- WHAT THE TASK ASKS
Up to and including the line that contains "Bộ sạc pin Panasonic", repeat the entries below exactly from the first line on. Do not carry over any pictures.

[Source data]

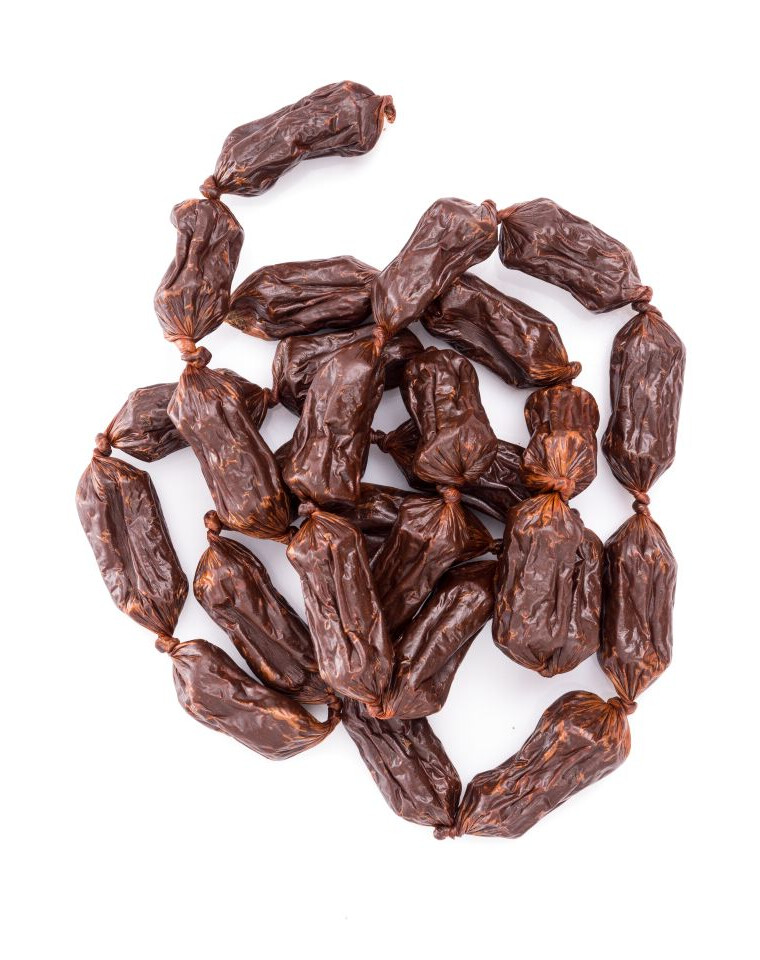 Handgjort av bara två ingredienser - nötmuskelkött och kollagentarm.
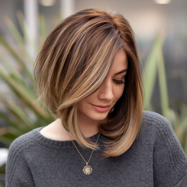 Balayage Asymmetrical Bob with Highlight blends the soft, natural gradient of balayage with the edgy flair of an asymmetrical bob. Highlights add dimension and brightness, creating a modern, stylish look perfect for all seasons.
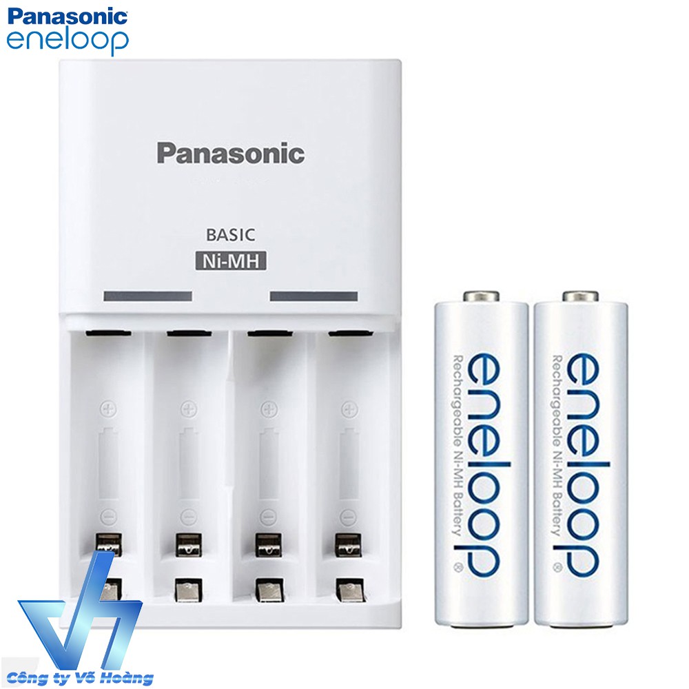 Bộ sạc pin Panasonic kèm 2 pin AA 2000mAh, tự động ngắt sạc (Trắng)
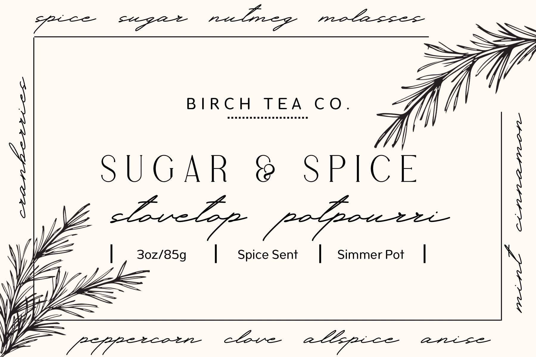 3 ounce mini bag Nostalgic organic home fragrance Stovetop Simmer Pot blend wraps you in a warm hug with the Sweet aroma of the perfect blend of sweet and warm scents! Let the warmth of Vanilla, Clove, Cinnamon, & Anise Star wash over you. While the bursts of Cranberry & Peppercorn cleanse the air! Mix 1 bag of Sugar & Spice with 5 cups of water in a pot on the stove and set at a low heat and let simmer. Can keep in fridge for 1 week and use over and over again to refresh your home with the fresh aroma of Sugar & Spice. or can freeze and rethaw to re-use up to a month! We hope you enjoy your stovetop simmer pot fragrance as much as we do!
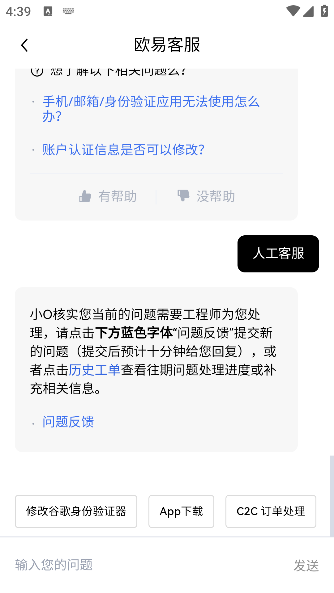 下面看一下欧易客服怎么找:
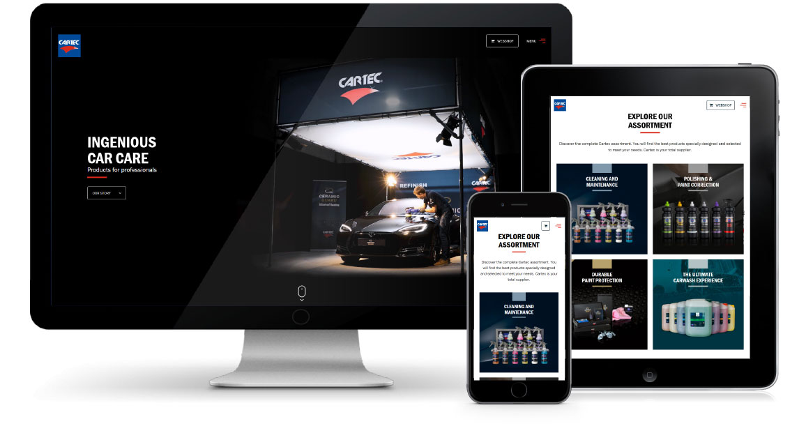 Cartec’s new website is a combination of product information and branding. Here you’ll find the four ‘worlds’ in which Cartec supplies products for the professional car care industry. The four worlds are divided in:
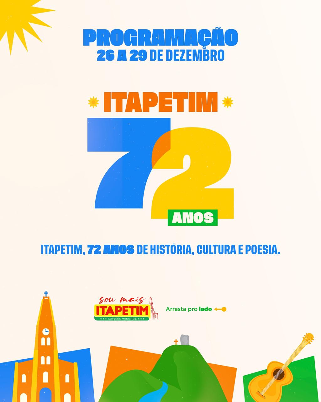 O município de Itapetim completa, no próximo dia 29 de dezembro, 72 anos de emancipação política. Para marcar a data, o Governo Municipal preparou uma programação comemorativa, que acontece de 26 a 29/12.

- WRITTEN ANSWER
 Handgjort av bara två ingredienser - nötmuskelkött och kollagentarm.
 Balayage Asymmetrical Bob with Highlight blends the soft, natural gradient of balayage with the edgy flair of an asymmetrical bob. Highlights add dimension and brightness, creating a modern, stylish look perfect for all seasons.
 Bộ sạc pin Panasonic kèm 2 pin AA 2000mAh, tự động ngắt sạc (Trắng)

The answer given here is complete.